‘Vanuit de zijbeuk’

week 06-2022: Méélse Dörskes 70 + (door Mat)

‘Vanuit de zijbeuk’ is de vaste column op de zaterdag, die afwisselend wordt ingevuld door kapelaan Roger en Mat. Ze geven zo hun eigen kijk op persoonlijke ervaringen en gebeurtenissen in ons dorp, binnen de kerk of in ‘de grote wereld’. De ene keer ernstig, dan puntig en uitdagend en een volgende keer met een grote knipoog.
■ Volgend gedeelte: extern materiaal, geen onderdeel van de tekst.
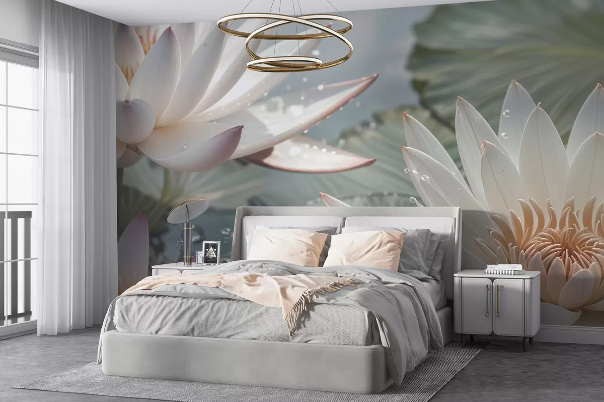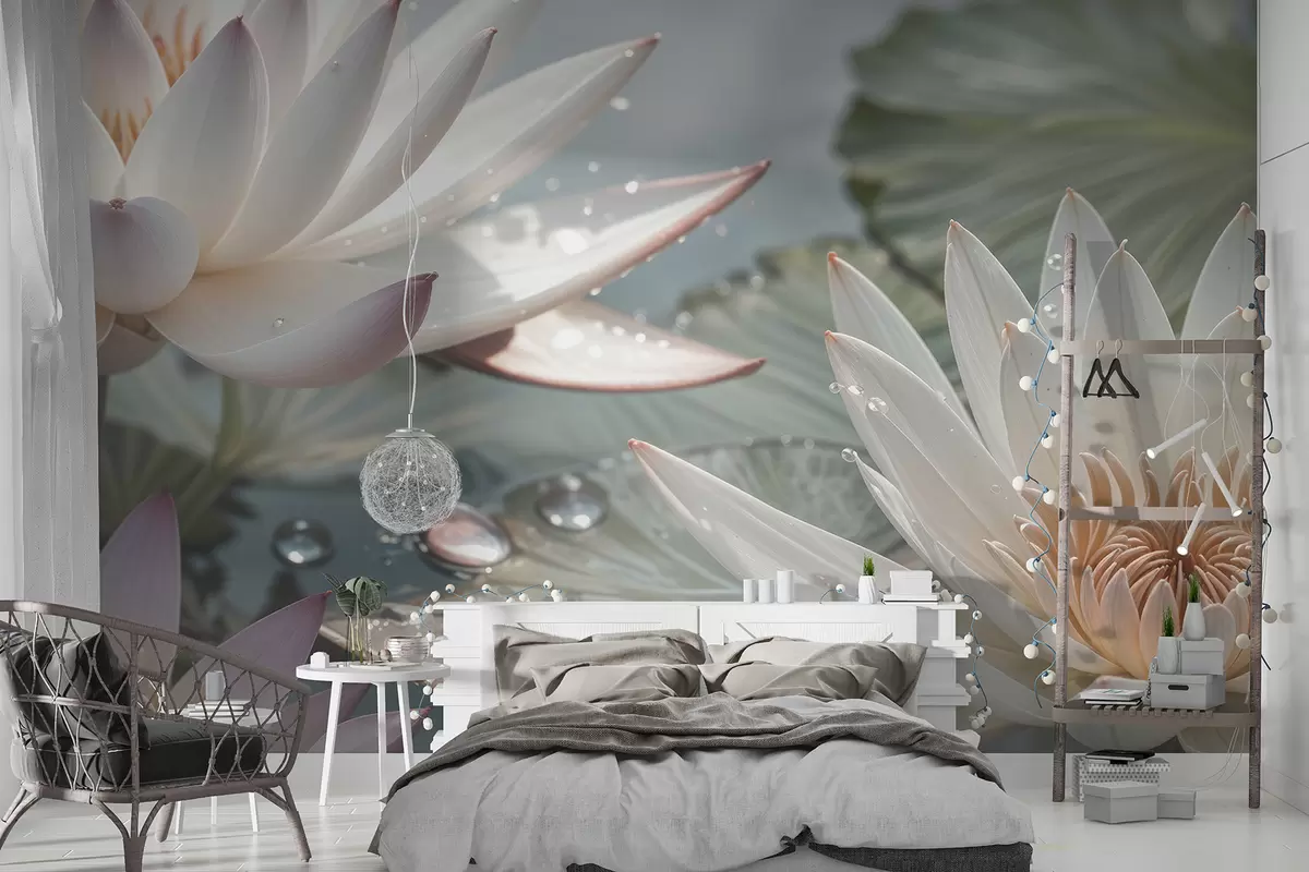 Fotobehang Een close-up van witte lotusbloemen met waterdruppels op hun bloemblaadjes tegen een wazige groene achtergrond N° w08252

************************************************************

In de tien jaar dat ik nu columns schrijf voor onze parochieweblog, zijn niet alleen velerlei situaties langs gekomen, maar ook een heel scala aan beroepen en typetjes. Pausen, kardinalen en parochieherders. Medische specialisten, huisartsen en kwakzalvers. Journalisten en presentatoren. Topsporters en zij die er graag voor door willen gaan. ‘Politici van stavast’’en ‘roeptoeters, die voortdurend de weg kwijt zijn. De een krijgt lof toebedeeld en de ander wordt met pek en veren besmeurd. Ja, ja, het kan je allemaal gebeuren, als je in een van mijn stukjes ten tonele wordt gevoerd.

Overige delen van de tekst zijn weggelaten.